# Exercise
Please write out the listing exactly, leaving each picture out.
[Start of section]
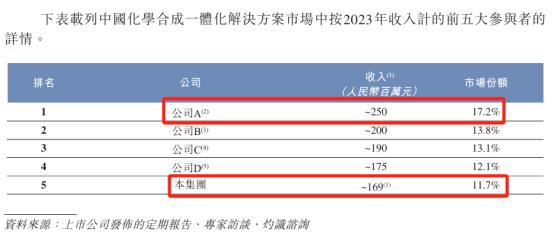 凌凯科技在申报稿中表示,“公司是中国化学合成行业的积极参与者,致力于提供小分子化合物技术和产品解决方案,专注于制药、新材料和新能源行业。特别是,公司是中国少有的从事化学合成一体化解决方案的领导者之一,根据灼识咨询的资料,2023年收入在中国排名第五,市场份额为11.7%。化学合成一体化解决方案是指包含工程和工艺技术及设备的一揽子解决方案,有助于精细化学品的实施和生产。”
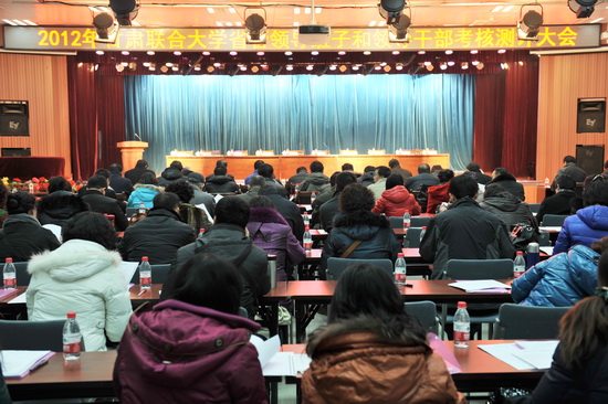 参加考核测评大会的有校领导班子成员、副处级以上干部、正教授和部分副高职称教师共140余人,校党委书记李志强同志主持测评大会。
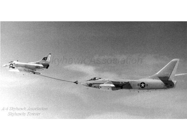 Pioneered by Douglas and the A-4 Skyhawk, the air refueling system enables the carrying aircraft to serve as a tanker for other aircraft. All fuel in the Skyhawk tanker aircraft, except the fuselage tank, may be transferred to the receiver aircraft.
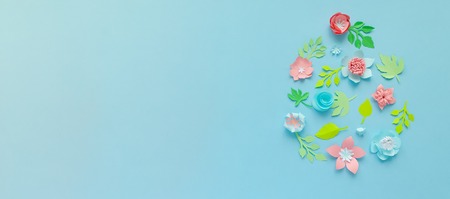 Easter egg made of paper flowers on blue background. Cut from paper.
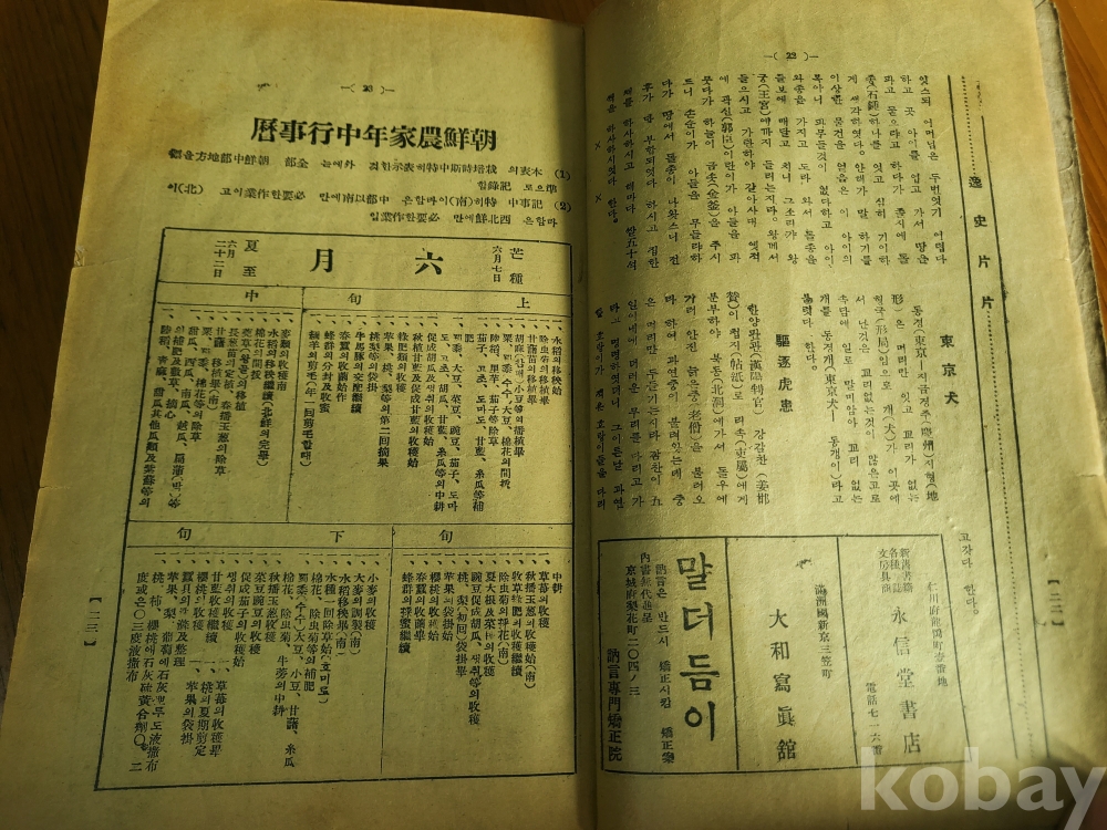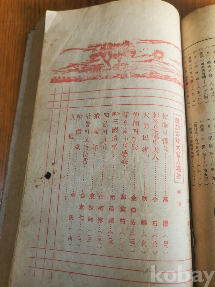 야담 6호(2권 6호) : 신명서림 광고 / 봉익이김별장(김규선 연재 만화) / 일사편편 / 서점, 사진관, 말더듬이 광고 / 조선농가연중행사력 / 속표지 / 왕기는 벋어서(김동인) / 검협랑(김환) / 김동인 작품 광고 / 거유의 삽화(김진구) / 지사 신설 안내 / 여걸(유추강) / 세계동화집 광고 / 도통한 무식(김봉흡) / 세계동화집 광고 / 삼국유사(일연선사찬, 원옹 역) / 젊은 그들(김동인 작) 광고 / 잡지 광고 / 대용민옹(추희 작, 원형 화) / 연의 인연(정인표) / 왕자의 최후(금동) / 행운의 어부(임영빈) / 야담대회 광고 / 슬프다 아랑(박상희) / 판권지 / 야담집 1권 목차 안내 //
[End of section]
# Finished task
 凌凯科技在申报稿中表示,“公司是中国化学合成行业的积极参与者,致力于提供小分子化合物技术和产品解决方案,专注于制药、新材料和新能源行业。特别是,公司是中国少有的从事化学合成一体化解决方案的领导者之一,根据灼识咨询的资料,2023年收入在中国排名第五,市场份额为11.7%。化学合成一体化解决方案是指包含工程和工艺技术及设备的一揽子解决方案,有助于精细化学品的实施和生产。”
 参加考核测评大会的有校领导班子成员、副处级以上干部、正教授和部分副高职称教师共140余人,校党委书记李志强同志主持测评大会。
 Pioneered by Douglas and the A-4 Skyhawk, the air refueling system enables the carrying aircraft to serve as a tanker for other aircraft. All fuel in the Skyhawk tanker aircraft, except the fuselage tank, may be transferred to the receiver aircraft.
 Easter egg made of paper flowers on blue background. Cut from paper.
 야담 6호(2권 6호) : 신명서림 광고 / 봉익이김별장(김규선 연재 만화) / 일사편편 / 서점, 사진관, 말더듬이 광고 / 조선농가연중행사력 / 속표지 / 왕기는 벋어서(김동인) / 검협랑(김환) / 김동인 작품 광고 / 거유의 삽화(김진구) / 지사 신설 안내 / 여걸(유추강) / 세계동화집 광고 / 도통한 무식(김봉흡) / 세계동화집 광고 / 삼국유사(일연선사찬, 원옹 역) / 젊은 그들(김동인 작) 광고 / 잡지 광고 / 대용민옹(추희 작, 원형 화) / 연의 인연(정인표) / 왕자의 최후(금동) / 행운의 어부(임영빈) / 야담대회 광고 / 슬프다 아랑(박상희) / 판권지 / 야담집 1권 목차 안내 //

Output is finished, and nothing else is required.